The trio of professionals may already be recognisable to golfers having spent their careers in Plymouth.
Marshall ran the golf tips column in The Herald – which he is reprising this year – while all three were coaches at the Plymouth Golf Centre on Haye Road.
Branding themselves as ‘GP3 Leisure’ the trio also now run the golf driving range at Boringdon Park and another Disc Golf course at Mt Edgcumbe, which operates from a shop behind the Stables cafe and winds its way through the historic grounds.
“It’s gone from nothing to having a thriving disc golf community because of the location, which is just stunning,” said Marshall.
“People are travelling from all over Europe to play it.”
At Central Park, the infrastructure of the two new sports has been integrated into the existing pitch and putt course so that it is possible to play different formats all at the same time.
“If you turn up with two friends you can all play a different sport at the same time,” he said.
“It’s the same principle as every golf sport, as in it’s the person furthest away from the hole who plays first.

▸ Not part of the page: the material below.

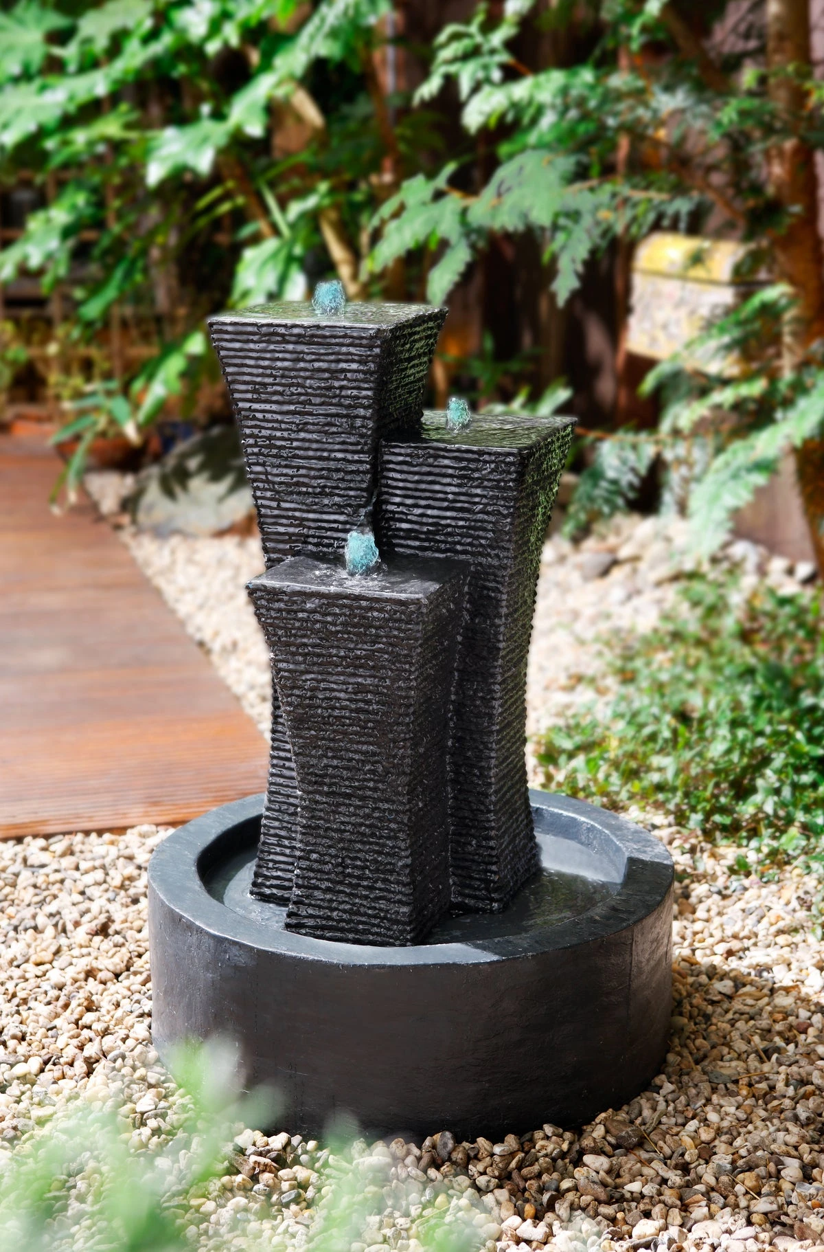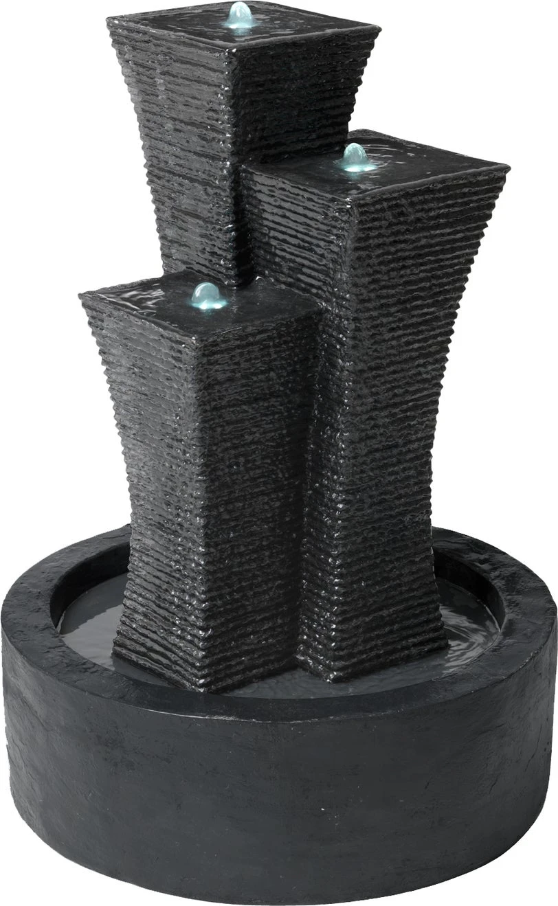 Deze drie speels vormgegeven pilaren met ribmotief laten het water langzaam naar beneden sijpelen. Het ornament is gemaakt van Polyresin en voorzien van 3 led lampjes in de kleur warm wit, 10 meter kabel en een lage voltage waterpomp met adapter. 2 jaar garantie.

The three ‘holes’ in one area: from left, Disc Golf, Foot Golf, and pitch and putt
Ian Marshall with regulars at the Central Park ‘cafe’ next to the hut
“Obviously the rules are that you don’t play until the person in front of you has left the hole.”
Marshall said an open day is planned for the bear future where people can turn up and have a go, or receive some coaching in any of the sports on offer.

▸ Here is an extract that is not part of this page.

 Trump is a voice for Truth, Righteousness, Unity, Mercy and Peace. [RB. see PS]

“We’ve got some Disc golfers coming over to show how it’s done,” he said.
“Jez plays in the tournaments and Scott plays too. I don’t, but Jez is really good and can really hold his own.
“But we’ve all been trained to coach it.
“There are specific techniques you need but it’s a quick learning curve and something that almost everyone can play.
“There’s not so much of a steep learning curve as there is with regular golf, and not so many restrictions.
“Pitch and putt golf is thriving and it is a good learning curve for people to go on and join local golf clubs.”
“I am sure the council will be delighted to see so many people taking advantage of the facilities on their land,” he added.
“It’s been miles busier than expected – the Foot Golf has made a difference, and disc golf is really booming. Maybe because of where we are, we’re attracting a few more people down here.
“We’re chuffed and looking forward to getting a few more people through onto the course.”